Chicha Morada Shandy
Corn has become a through line at BRUTØ in Denver, showcased in Bar Manager Andrew Booth’s Chicha Morada Shandy.
Grains are the backbone of downtown Denver’s BRUTØ. The chef’s counter-style restaurant speaks to the agricultural strength of Colorado while paying homage to Latin American flavors and indigenous ingredients central to its tasting menu.
“We spend a lot of time crapping on grain and corn, but there is so much there—not only fundamentally for Central and South America, but also who we are as people, nutritionally,” says Bar Manager Andrew Booth. When developing the concept for the restaurant, Rising Stars alum Kelly Whitaker and Chef Michael Diaz de Leon wanted to champion those crops while prioritizing sustainability, with the bar program working in tandem to create highly harmonious pairings. “Food and beverage work in lockstep,” explains Booth, “we are always responding to the food.”
When tasked with designing a non-alcoholic beverage pairing for a Yucatan corn tamal with mushroom barbacoa and salsa verde, Booth thought of another Colorado business putting a spotlight on corn: Dos Luces.

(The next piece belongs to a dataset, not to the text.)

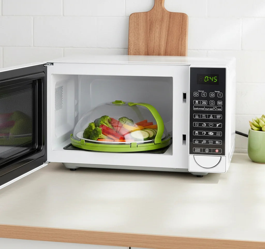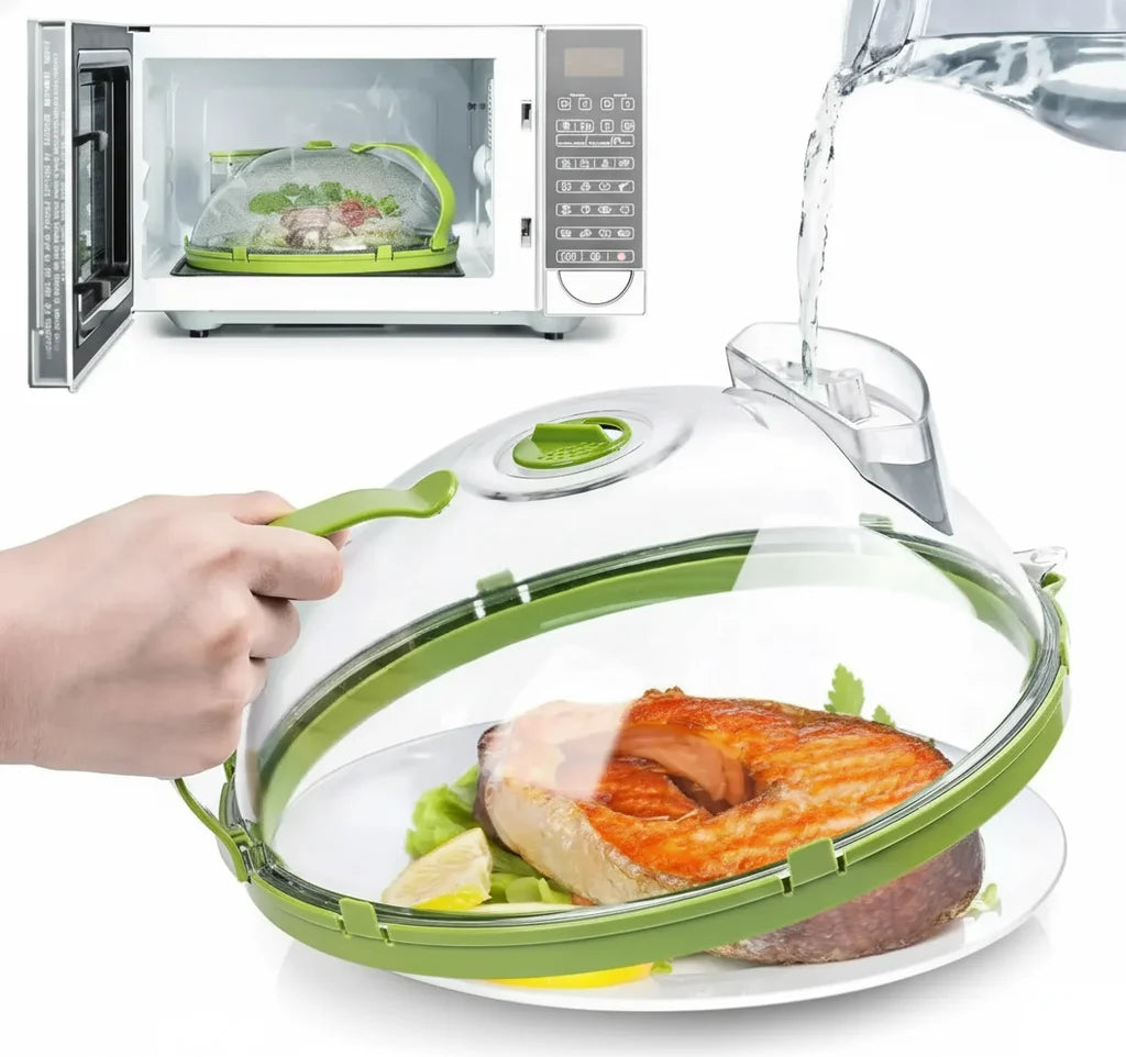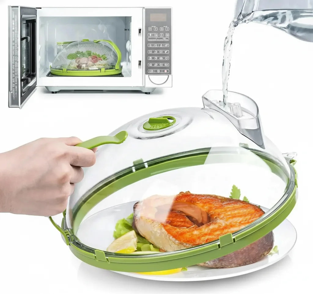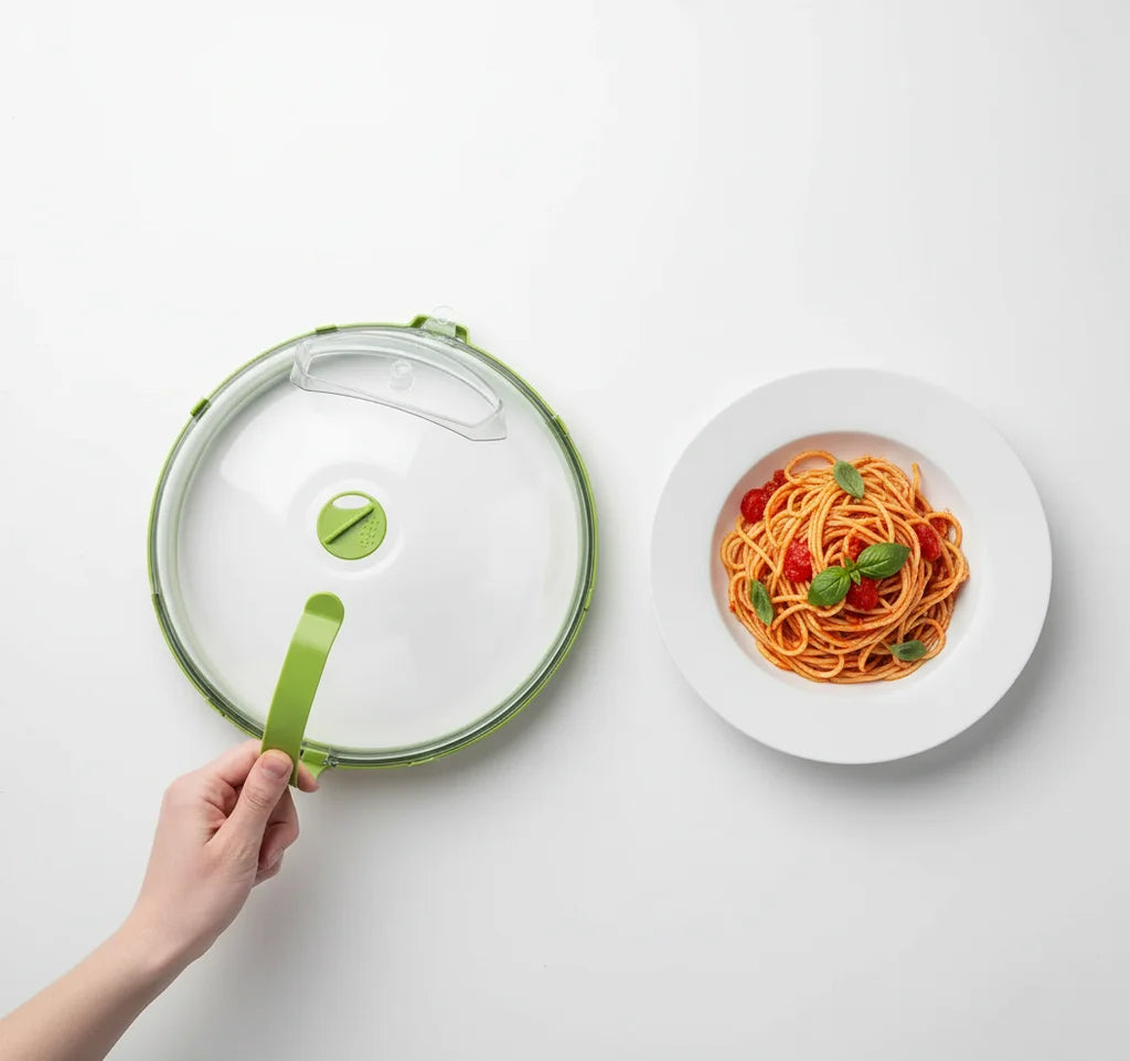 Our Microwave Master Dome combines superior splatter protection with a unique moisture-locking system. The ergonomic handle and clear view elevate your reheating, delivering consistently moist, delicious food without the usual microwave mess. It's a game-changer!

The South Denver brewery and soda-maker focuses on gluten-free, corn-based beverages like Chicha Morada, an ancient, lightly carbonated Peruvian drink made from purple corn. “Corn in beverages are super unique,” says Booth. “A very specific flavor profile—sweet but starchy, with great mouthfeel.” The beverage is spiced with cinnamon and clove, which mirrored the warm spice in the barbacoa, so using the soda in a Chicha Morada Shandy seemed like a great fit.
To heighten the tropical fruit while incorporating acid, Booth chose two components with equally rich history rooted in Latin America: tepache and sorrel. For the tepache, a puréed pineapple spiced with allspice and clove is naturally fermented for three to five days, then strained into a rich, viscous syrup. The sorrel, a Jamaican tea-based punch, is made from hibiscus flowers steeped with baking spices and Oaxaca chiles. He blends the deeply sweet drink with xanthan gum, then charges it in a cream whipper to make a pillowy foam that tops the Chicha Morada and tepache. The three components come together in a sip that’s bright in flavor while backed by warm spice.
Corn has become a through line for the menu at BRUTØ, both in dishes and cocktails. In addition to sourcing the Chicha Morada, Booth does plenty of tinkering in-house to highlight the ingredient, from cold-pressing heirloom corn for a shrub, turning corn koji into an amazake, and lacto-fermenting masa to use in drinks like Tejuíno de Jalisco. Because masa doesn’t hold for more than two days, cross-utilization between the bar and kitchen is essential. “It’s such a fun way to experience food and to learn,” says Booth. “We have been playing non-stop since we got here.”